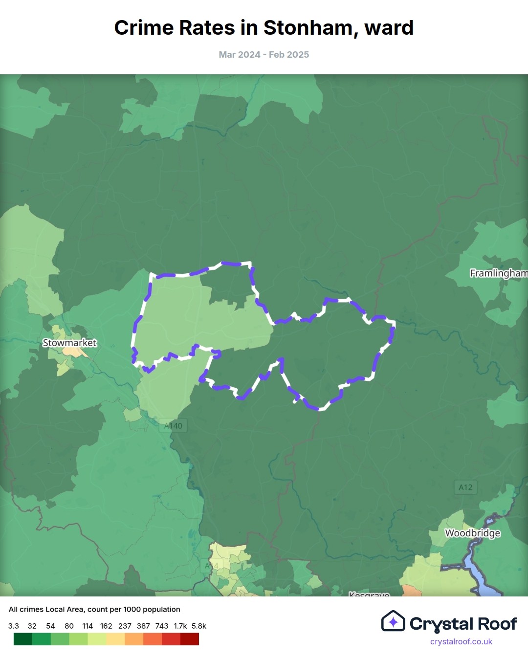 Stonham, (ward) includes areas with the following crime ratings (see map):
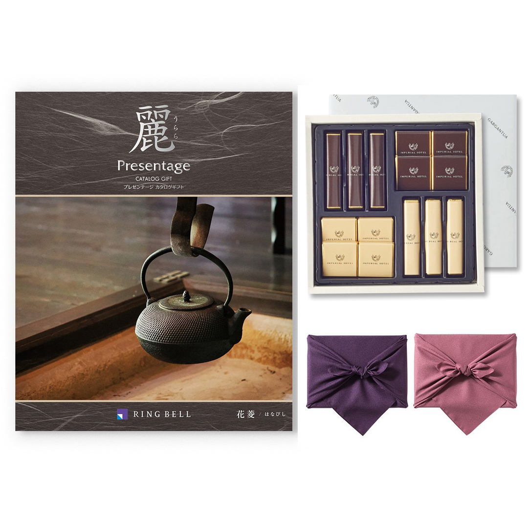 カタログギフト リンベル プレゼンテージ・麗(うらら) 〔花菱(はなびし)〕+帝国ホテル チョコレート(TA-20BE)セット【京都・風呂敷包み】
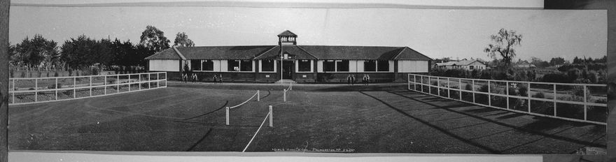 This photograph shows the main building of Palmerston North Girls' High School in 1920 after vacating the old Boys' High School building in 1919. The tower in the centre of the photograph was removed in the 1930s and the rest of the building remained unchanged until around 1977 when it was demolished. THe new building on this site was opened in 1980.
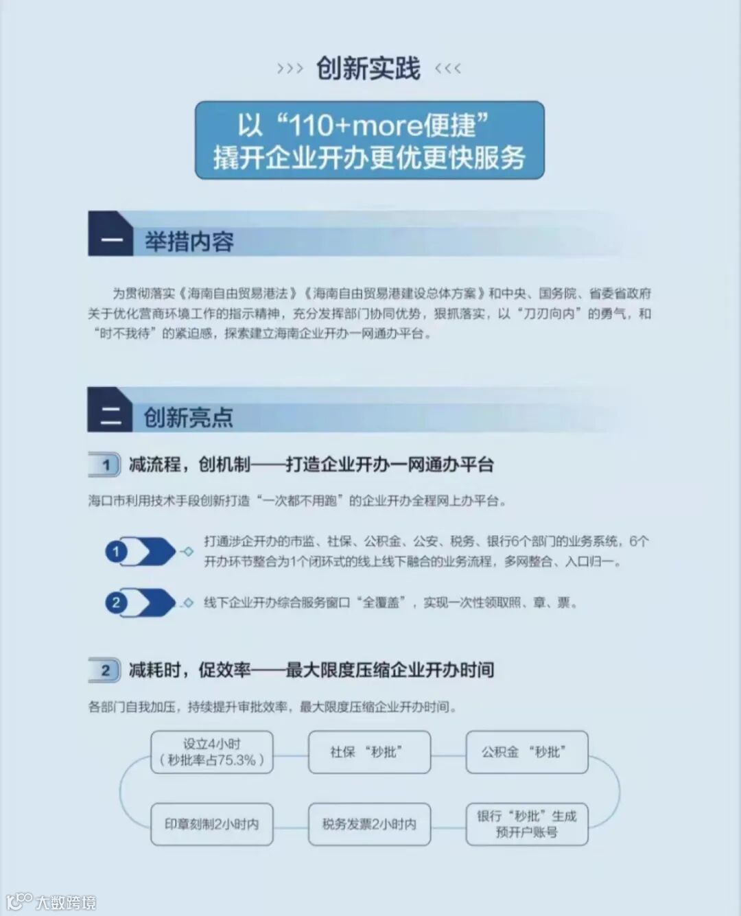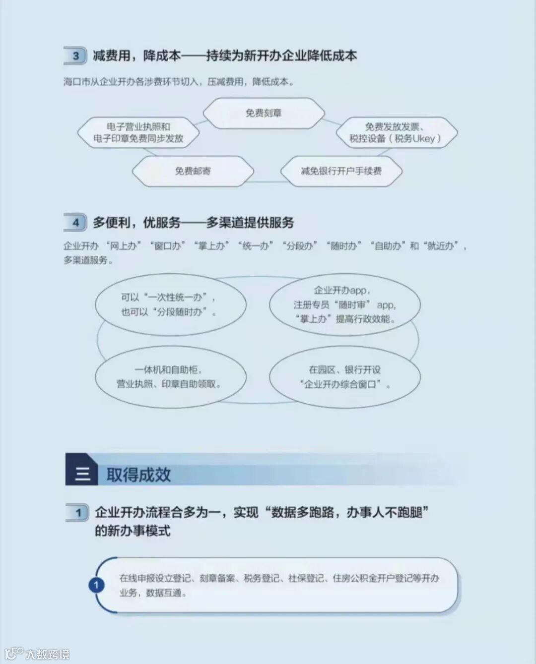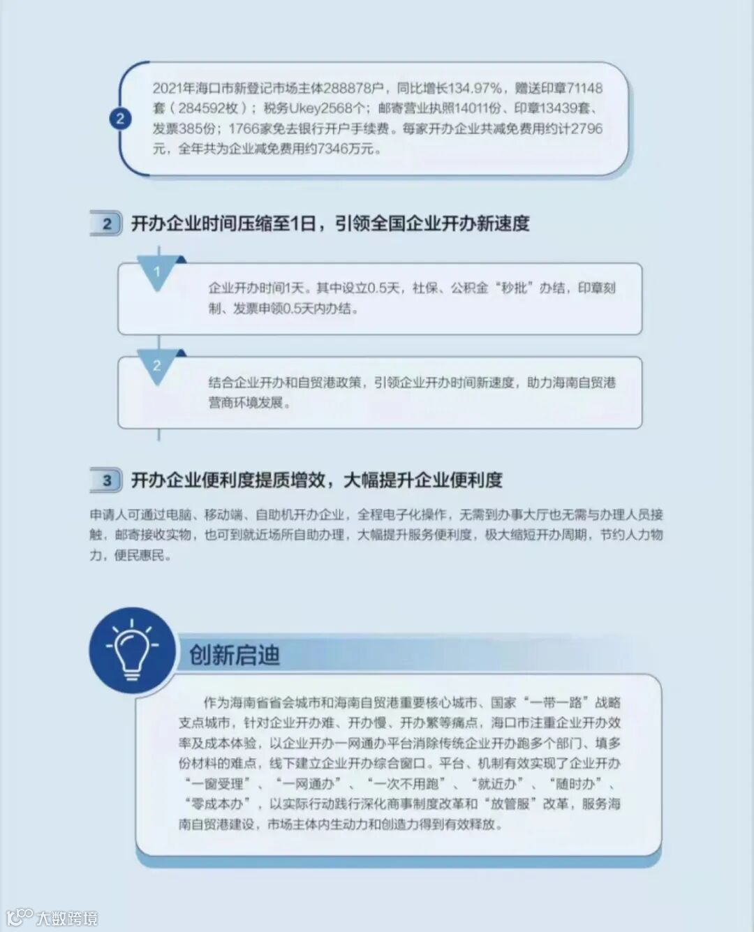 海口市持续推进开办企业便利化改革,规范化、透明化市场主体准入、准营、退出机制,海南e登记系统实现企业开办“一网通办”“一窗通办”,且率先在全省开通在线邮政寄递,实现全程申报“零纸质”“零费用”“零跑动”,系统智能化自动审核“秒批”办结,企业开办已全面进入“1时代”,即“一个平台,一个环节,一个执照,一表填报,一次领取,一窗受理,一次不用跑,一天全办好”,继续保持开办企业国内领先引领优势。
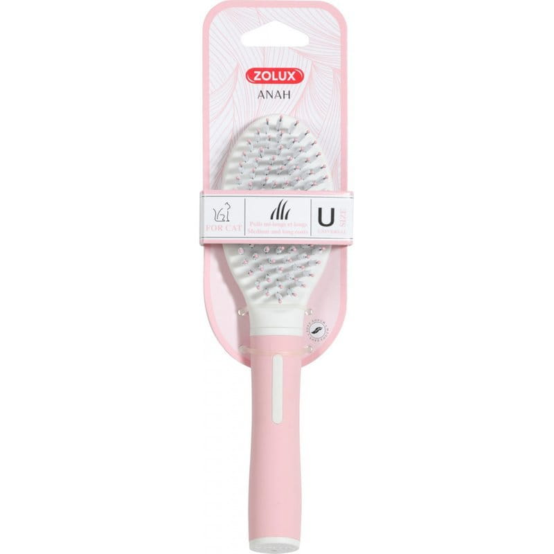 Szczotka z podwójnym włosiem umożliwia delikatne szczotkowanie podszerstka, dzięki elastycznym igłom, których plastikowe końcówki zapewniają kotu większy komfort. Nylonowe włosie usuwa martwy podszerstek, a także doskonale wygładza, pozostawiając lśniącą sierść.

#### [EXERCISE OBJECTIVE]
Retype all the data exactly, please, without pictures.

#### [FINAL ANSWER]
 Stonham, (ward) includes areas with the following crime ratings (see map):
 カタログギフト リンベル プレゼンテージ・麗(うらら) 〔花菱(はなびし)〕+帝国ホテル チョコレート(TA-20BE)セット【京都・風呂敷包み】
 This photograph shows the main building of Palmerston North Girls' High School in 1920 after vacating the old Boys' High School building in 1919. The tower in the centre of the photograph was removed in the 1930s and the rest of the building remained unchanged until around 1977 when it was demolished. THe new building on this site was opened in 1980.
 海口市持续推进开办企业便利化改革,规范化、透明化市场主体准入、准营、退出机制,海南e登记系统实现企业开办“一网通办”“一窗通办”,且率先在全省开通在线邮政寄递,实现全程申报“零纸质”“零费用”“零跑动”,系统智能化自动审核“秒批”办结,企业开办已全面进入“1时代”,即“一个平台,一个环节,一个执照,一表填报,一次领取,一窗受理,一次不用跑,一天全办好”,继续保持开办企业国内领先引领优势。
 Szczotka z podwójnym włosiem umożliwia delikatne szczotkowanie podszerstka, dzięki elastycznym igłom, których plastikowe końcówki zapewniają kotu większy komfort. Nylonowe włosie usuwa martwy podszerstek, a także doskonale wygładza, pozostawiając lśniącą sierść.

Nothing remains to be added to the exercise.